Base case (3 years): low-single-digit growth
- Growth is mainly substitution-driven within niche CMV salvage settings.
- Any demand increases are constrained by renal monitoring and by competing antiviral availability.
Downside case: demand compression
- Further formulary restrictions and protocol tightening reduce utilization.
- Pricing pressure from generic competition can lower revenue even if units stabilize.
Upside case: protocol-led rebound
- Short-term utilization rebound could occur if salvage usage increases due to resistance patterns or intolerance to competitors.
- Upside requires measurable clinical adoption, not just theoretical mechanism interest.
What to watch (leading indicators)
- Hospital formulary changes for CMV salvage protocols
- Generic supply continuity
- Any new investigator-led trials that translate into protocol updates
- Shifts in HIV treatment era epidemiology for late-stage CMV retinitis cases
(A quantified revenue forecast and market size in USD requires source-specific inputs not provided in the prompt, so no numeric projection is produced.)
Key takeaways
- Cidofovir’s clinical development activity is limited; the most durable clinical positioning remains CMV retinitis in advanced immunocompromise.

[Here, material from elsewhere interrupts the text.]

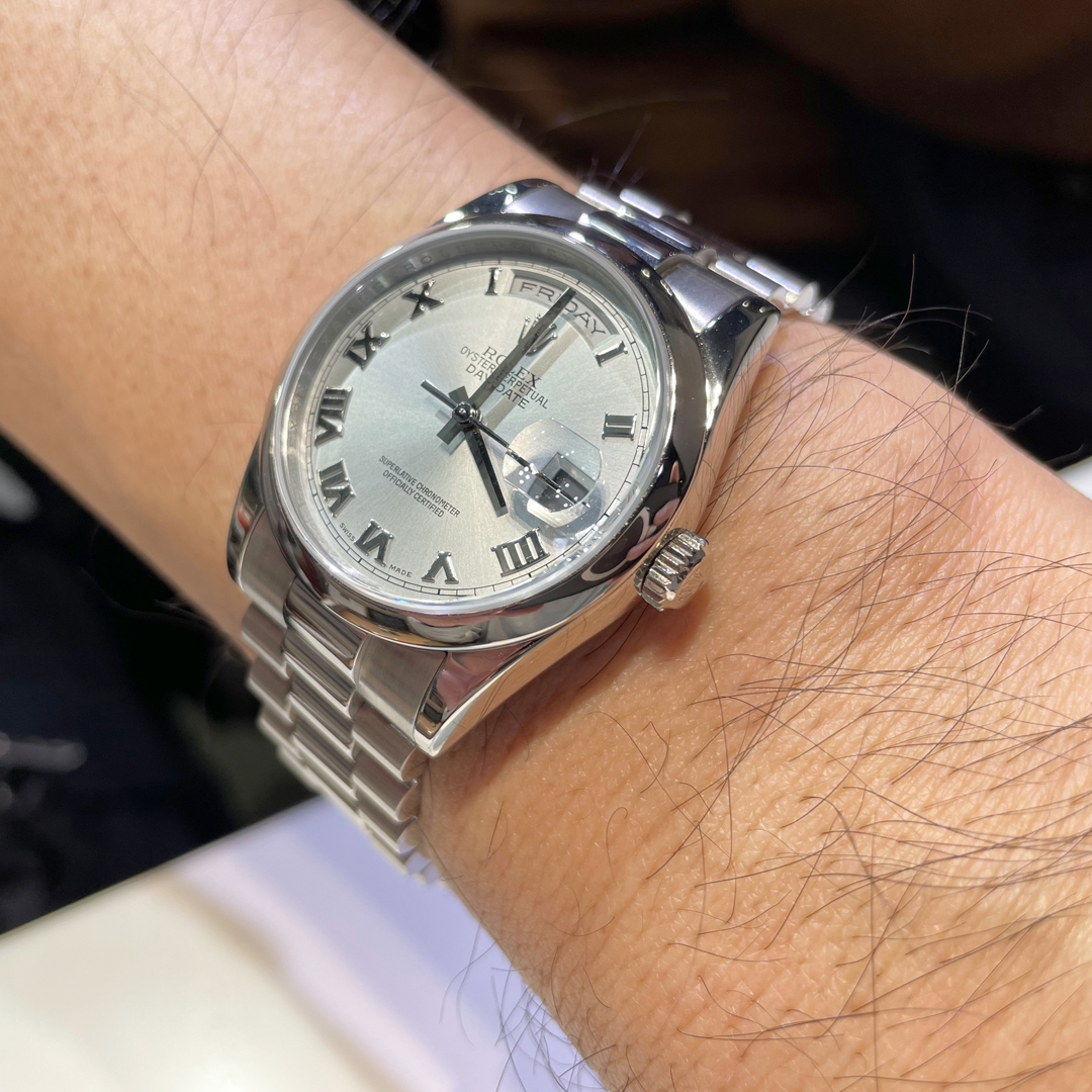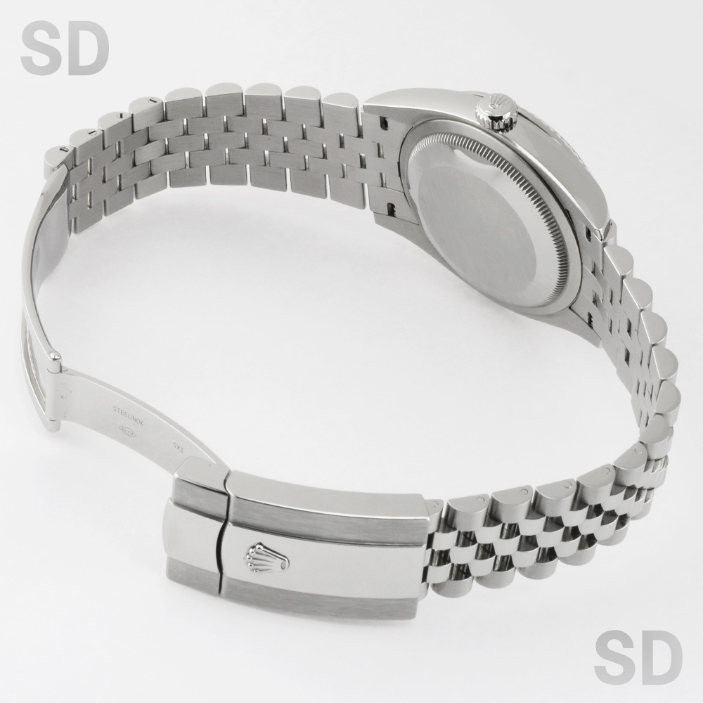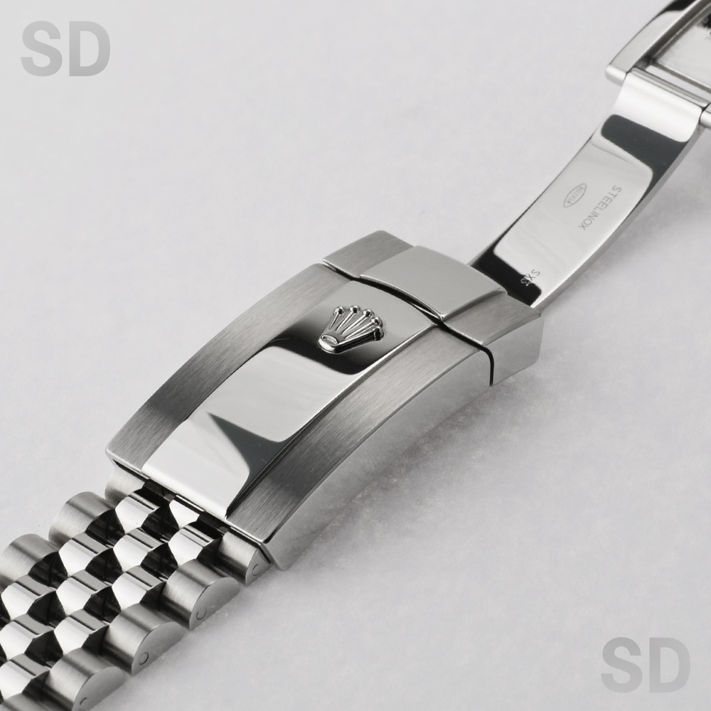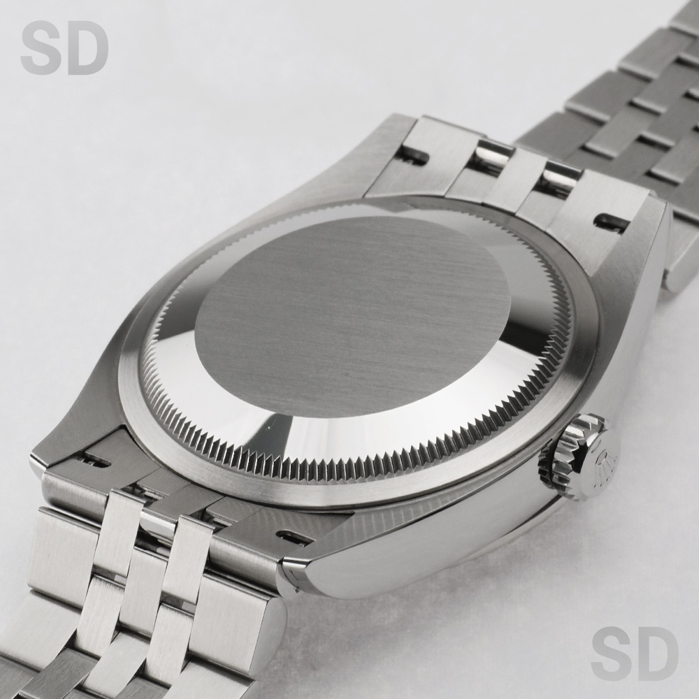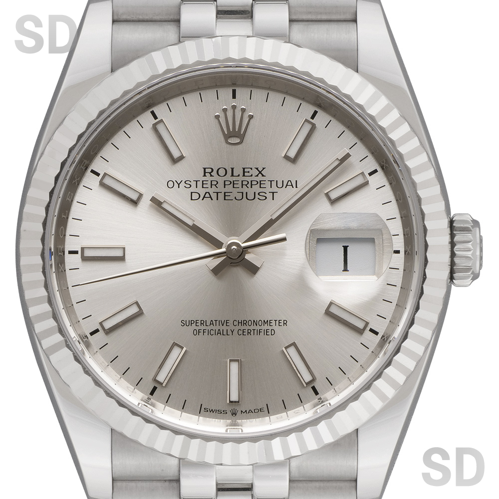本個体には、端正な印象を与えるシルバー文字盤に、繊細かつ上品な輝きを放つホワイトゴールド製フルーテッドベゼルを組み合わせた仕様となっており、控えめでありながらも確かな品格を感じさせる、完成度の高いモデルでございます。さらに、ブレスレットにはロレックスを象徴するジュビリーブレスレットが装着されており、優れた装着感と洗練されたデザイン性を兼ね備えた統一感のある美しい一本です。

- The market is constrained by renal toxicity risk and monitoring workflow costs, which limit repeat dosing and patient eligibility.
- Commercial growth is likely to be flat to modest, driven by niche salvage use and supply economics rather than by a broad pipeline expansion.
- Competitive pressure comes from CMV antivirals with more convenient administration and/or more favorable practical safety profiles.
FAQs
- Is cidofovir still used for CMV retinitis in current HIV treatment practice?
- What renal monitoring protocols determine whether a patient can receive cidofovir full dosing?
- How do generic cidofovir supply and pricing affect hospital formulary placement?
- What alternative antivirals are typically used before switching to cidofovir in salvage cases?
- Are there any formulation changes or dosing regimens that materially reduce cidofovir nephrotoxicity?
References (APA)
- U.S. Food and Drug Administration. (n.d.). Drug trials snapshots and related regulatory information for cidofovir. https://www.fda.gov
- U.S. Food and Drug Administration. (n.d.). Orange Book: Approved Drug Products with Therapeutic Equivalence Evaluations (cidofovir listings). https://www.accessdata.fda.gov/scripts/cder/daf/
(No additional sources were cited because the prompt did not provide drug-specific trial, Orange Book, or litigation identifiers needed for precise, auditable reporting.)